This is the mail archive of the gcc-patches@gcc.gnu.org mailing list for the GCC project.


Index Nav: [Date Index] [Subject Index] [Author Index] [Thread Index]
Message Nav: [Date Prev] [Date Next] [Thread Prev] [Thread Next]
Other format: [Raw text]

Re: [PATCH V2] Setup predicate for switch default case in IPA (PR ipa/91089)
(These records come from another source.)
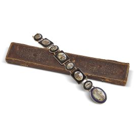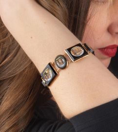 in oro a basso titolo, composto da una serie di elementi di forma ovale e rettangolare recanti al centro micromosaici raffiguranti monumenti classici su base in calcedonio nero e blu, dim. cm 2x17,5, gr. 27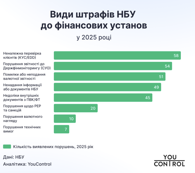 Специалисты YouControl обнаружили, что абсолютным лидером среди причин применения мер воздействия стала ненадлежащая проверка клиентов (KYC) и отсутствие углубленной проверки (EDD). За год НБУ зафиксировал 58 таких нарушений. Финансовые учреждения часто не могли объяснить экономическую сущность транзакций своих клиентов, не учитывали непрозрачность источников происхождения их средств или не устанавливали адекватный уровень риска. Для регулятора это ключевой маркер потенциального отмывания денег, поэтому именно за игнорирование базового правила «знай своего клиента» назначались самые строгие финансовые меры воздействия.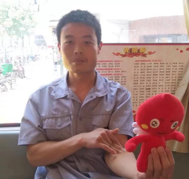 刘和成,2018年1月份捐献了血小板,后来去外地工作,这两天刚回松江区就趁着假期过来献血,这次献血400ml!记录显示,这是他在上海地区的第17次献血!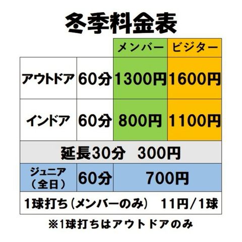 どちらも料金は無料となっています。Aジュニア用のクラブ、グローブともに貸し出しのものがございます。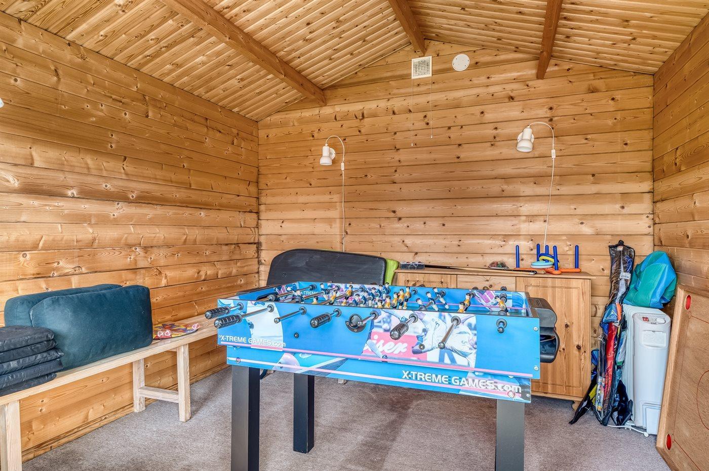 Das Haus bietet dir eine schöne Kombination aus Entspannung und Aktivitäten mit sowohl einer offenen als auch einer überdachten Terrasse, auf der du die Sommertage bei jedem Wetter genießen kannst. Auf der Terrasse findest du außerdem einen herrlichen Hot Tub – ideal für gemütliche Abende unter freiem Himmel. Zusätzlich verfügt das Haus über ein separates Aktivitätshaus, in dem sich Kinder und Erwachsene zu gemeinsamen, unterhaltsamen Momenten versammeln können.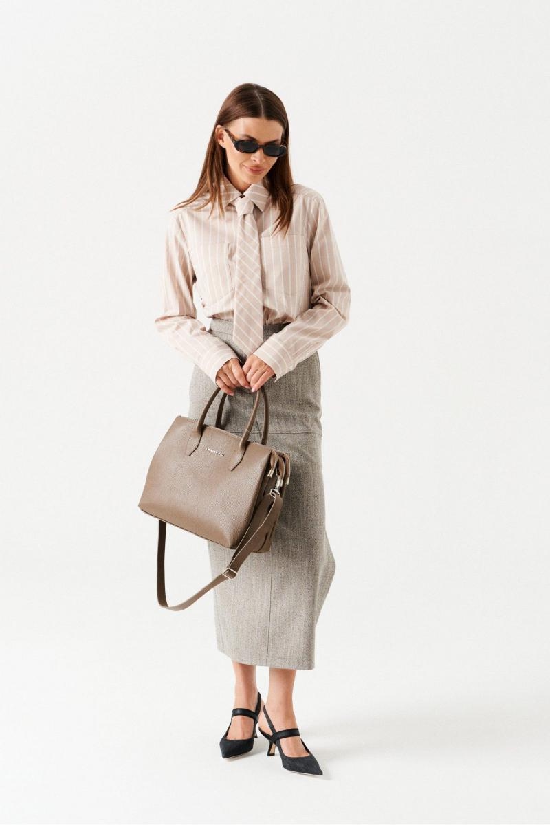 Блузка-рубашка прямая, свободная, с центральной застежкой на петли и пуговицы. Воротник рубашечный, отложной, на притачной стойке. По полочкам в верхней части – симметричные накладные карманы. Спинка цельная. Боковые швы заканчиваются разрезом. Рукав втачной, длинный, с отрезной манжетой, застежкой на петли и пуговицы. В комплекте съемный галстук.

> It is somewhat hard to write a testcase to show role of range info only with
> this patch. If another patch "Generalized predicate/condition for parameter
> reference in IPA (PR ipa/91088)" is accepted, it will become easy and I will
> update this testcase to show that.
> 
> And this new version also resolves a problem that we might generate very
> complicated predicate for basic block in convergence point reached from
> all switch cases.
> 
>        switch (index)
>         /       |       \
> case1   case2  ... default
>         \       |       /
>    convergence point
> 
> For switch/if statement, current algorithm synthesizes predicate of
> convergence point by OR-combining predicates of all its cases/branches, which
> might give us a very complicated one.  Actually, we can get simplified predicate
> by using the fact that predicate for a basic block must also hold true for its post
> dominators.  To be specific, convergence point should include (at least equal to)
> predicate of the switch/if statement.
> 
> Honza & Martin,
>     
>   Would please review this new patch when you have time? Thanks.
> 
> Feng
> 
> -----
> diff --git a/gcc/ipa-fnsummary.c b/gcc/ipa-fnsummary.c
> index 278bf606661..dc5752fc005 100644
> --- a/gcc/ipa-fnsummary.c
> +++ b/gcc/ipa-fnsummary.c
> @@ -1198,7 +1198,8 @@ set_cond_stmt_execution_predicate (struct ipa_func_body_info *fbi,
>  	  /* invert_tree_comparison will return ERROR_MARK on FP
>  	     comparsions that are not EQ/NE instead of returning proper
>  	     unordered one.  Be sure it is not confused with NON_CONSTANT.  */
> -	  if (this_code != ERROR_MARK)
> +	  if (this_code != ERROR_MARK
> +	      && !dominated_by_p (CDI_POST_DOMINATORS, bb, e->dest))
>  	    {
>  	      predicate p
>  		= add_condition (summary, index, size, &aggpos, this_code,

So this change is handling the diamond conditional you describe above?
This is bit of hack since it leaves the edge predicate unnecesarily
conservative though I see it saves some conditions to be inserted and
makes things to go smoother.

Please add a comment that explain this and reffers to the other places
where we do this (in the switch handling below).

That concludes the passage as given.